_EXTRACTED ENTRIES_:
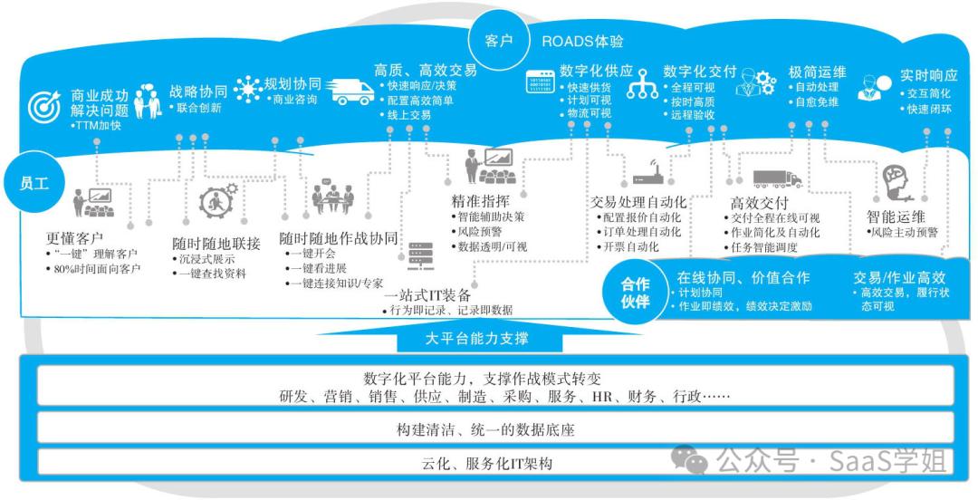 华为在经过3个月的调研分析,通过五看的具体方法论,将转型愿景确定为“把数字世界带入华为,实现与客户做生意简单高效,内部运营敏捷,率先实现ROADS体验,成为行业标杆”。
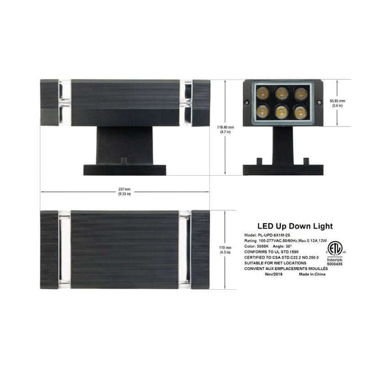 LED Wall Light Up Down Wall Light 100-277V 12W 3000K(Warm White), PL-UPD-6X1M-2S
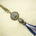 刀剣男士のイメージカラーのタッセルを手作りしたバッグチャームです。 素材はレジン・合金・タッセルはレーヨンです。 紋は表面のみで裏はありません。 大きさはチェーン含め15~16cm程度です。 【注意】 1.ハンドメイド作品のため、工業製品のような強度はございません。 2.タッセル部分は水に弱いので、雨天のご使用はおやめください。 また、使っているうちに糸先がほつれてきますので 毎日の通勤通学などでのご使用はお勧めできません。 3.ハンドメイド作品のため、どの作品も全く同じに作ることはできません。 見本写真とはタッセルの雰囲気 (2~3色を組み合わせてタッセルを作るため 糸の巻き具合によって色の出方が異なります。)が 異なる場合がございます。 4.撮影の際、ライトボックスの照明がレジン部分に映りこんでいます。 列状の白点はレジンの汚れではございません。
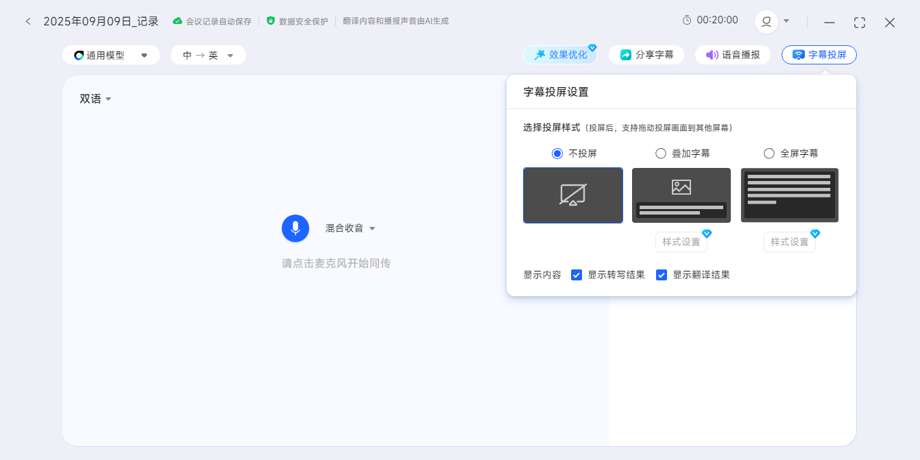 具备全屏投屏和字幕叠加两种方式,支持对字幕文字大小、颜色、logo、背景等自定义设置。
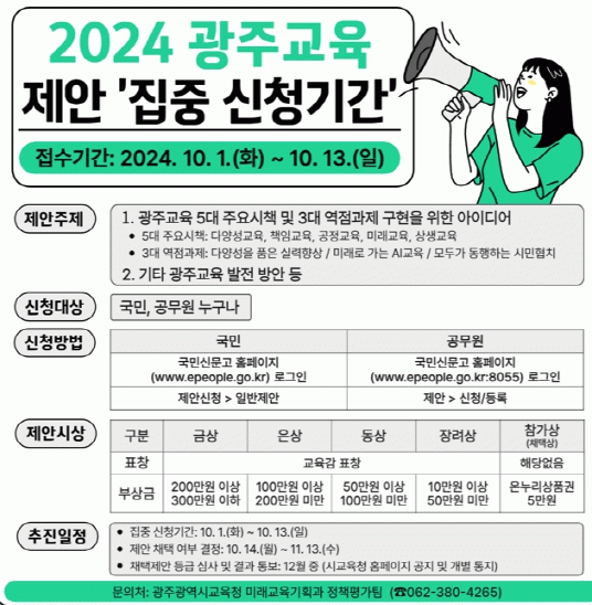 시교육청은 1일부터 13일까지 국민과 공무원을 대상으로 ‘2024년 하반기 광주교육 제안 집중 신청 기간’을 운영한다.
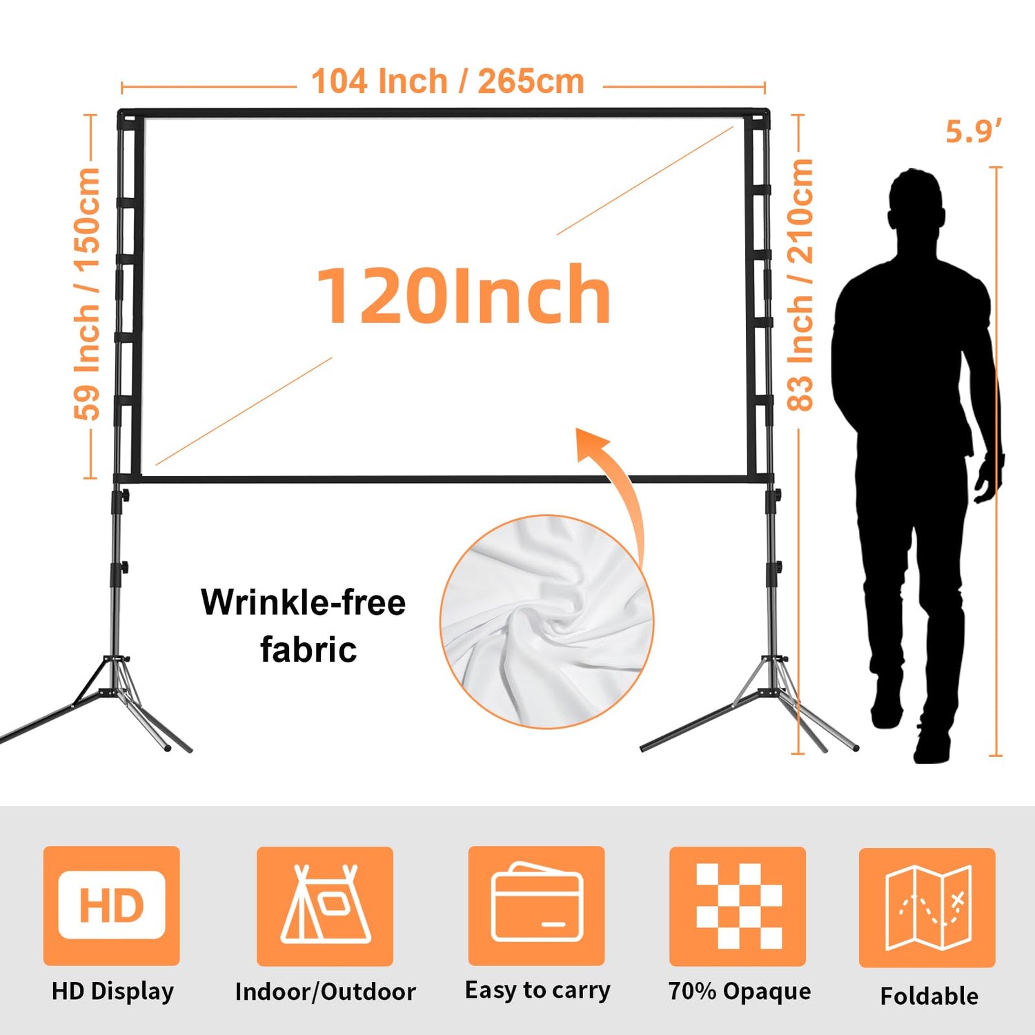 - Wrinkle-Free Movie Screen:120 inch projector screen, 16:9 format,160° Wide Viewing Angle. screen for projector is made of polyester milk silk, thicker than other ordinary screens. but not see through.The movie projector screen is foldable, washable and soft, so it is very easy to clean from stains.Thick and Wrinkle-Free design giving you more fun, even support FRONT and REAR projection.

_TASK PROMPT_:
Restate the data above verbatim, skipping every image.

_FINISHED EXERCISE_:
 华为在经过3个月的调研分析,通过五看的具体方法论,将转型愿景确定为“把数字世界带入华为,实现与客户做生意简单高效,内部运营敏捷,率先实现ROADS体验,成为行业标杆”。
 LED Wall Light Up Down Wall Light 100-277V 12W 3000K(Warm White), PL-UPD-6X1M-2S
 刀剣男士のイメージカラーのタッセルを手作りしたバッグチャームです。 素材はレジン・合金・タッセルはレーヨンです。 紋は表面のみで裏はありません。 大きさはチェーン含め15~16cm程度です。 【注意】 1.ハンドメイド作品のため、工業製品のような強度はございません。 2.タッセル部分は水に弱いので、雨天のご使用はおやめください。 また、使っているうちに糸先がほつれてきますので 毎日の通勤通学などでのご使用はお勧めできません。 3.ハンドメイド作品のため、どの作品も全く同じに作ることはできません。 見本写真とはタッセルの雰囲気 (2~3色を組み合わせてタッセルを作るため 糸の巻き具合によって色の出方が異なります。)が 異なる場合がございます。 4.撮影の際、ライトボックスの照明がレジン部分に映りこんでいます。 列状の白点はレジンの汚れではございません。
 具备全屏投屏和字幕叠加两种方式,支持对字幕文字大小、颜色、logo、背景等自定义设置。
 시교육청은 1일부터 13일까지 국민과 공무원을 대상으로 ‘2024년 하반기 광주교육 제안 집중 신청 기간’을 운영한다.
 - Wrinkle-Free Movie Screen:120 inch projector screen, 16:9 format,160° Wide Viewing Angle. screen for projector is made of polyester milk silk, thicker than other ordinary screens. but not see through.The movie projector screen is foldable, washable and soft, so it is very easy to clean from stains.Thick and Wrinkle-Free design giving you more fun, even support FRONT and REAR projection.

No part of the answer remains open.